*The problem*
Below are entries; repeat exactly, and nothing else, the lines from the one holding "SUNRISE and ENDURANCE representatives" through the one holding "Fig. 1. A user using Zapzap.", inclusive. Leave the pictures out.

*Input for this task*
--
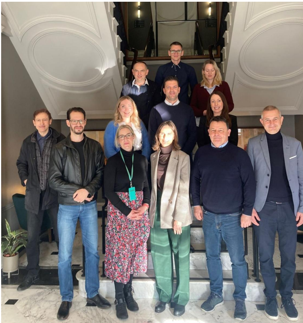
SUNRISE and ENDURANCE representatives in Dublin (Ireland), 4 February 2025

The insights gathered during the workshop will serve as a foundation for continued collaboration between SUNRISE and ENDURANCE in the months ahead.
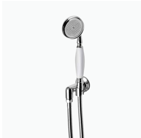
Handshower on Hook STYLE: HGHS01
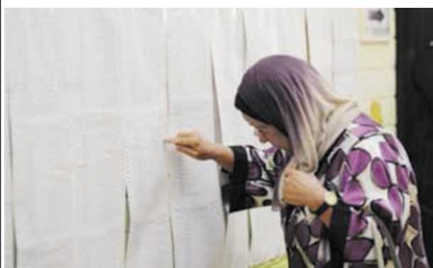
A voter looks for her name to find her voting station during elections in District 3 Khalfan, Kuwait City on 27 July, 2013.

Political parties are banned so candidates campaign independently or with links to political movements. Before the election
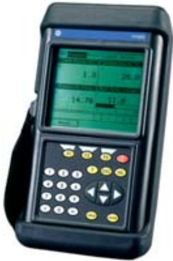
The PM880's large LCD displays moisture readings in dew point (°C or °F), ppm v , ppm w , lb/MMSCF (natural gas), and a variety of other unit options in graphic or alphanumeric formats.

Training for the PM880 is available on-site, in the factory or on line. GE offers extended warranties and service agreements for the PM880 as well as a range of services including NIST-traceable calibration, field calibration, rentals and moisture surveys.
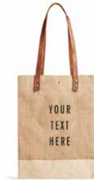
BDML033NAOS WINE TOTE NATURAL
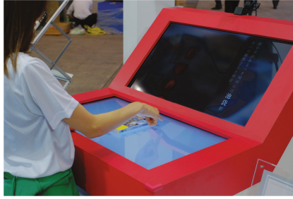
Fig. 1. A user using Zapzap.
--
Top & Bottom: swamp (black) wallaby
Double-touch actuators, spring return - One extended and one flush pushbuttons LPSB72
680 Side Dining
--
*Task response*
SUNRISE and ENDURANCE representatives in Dublin (Ireland), 4 February 2025

The insights gathered during the workshop will serve as a foundation for continued collaboration between SUNRISE and ENDURANCE in the months ahead.
Handshower on Hook STYLE: HGHS01
A voter looks for her name to find her voting station during elections in District 3 Khalfan, Kuwait City on 27 July, 2013.

Political parties are banned so candidates campaign independently or with links to political movements. Before the election
The PM880's large LCD displays moisture readings in dew point (°C or °F), ppm v , ppm w , lb/MMSCF (natural gas), and a variety of other unit options in graphic or alphanumeric formats.

Training for the PM880 is available on-site, in the factory or on line. GE offers extended warranties and service agreements for the PM880 as well as a range of services including NIST-traceable calibration, field calibration, rentals and moisture surveys.
BDML033NAOS WINE TOTE NATURAL
Fig. 1. A user using Zapzap.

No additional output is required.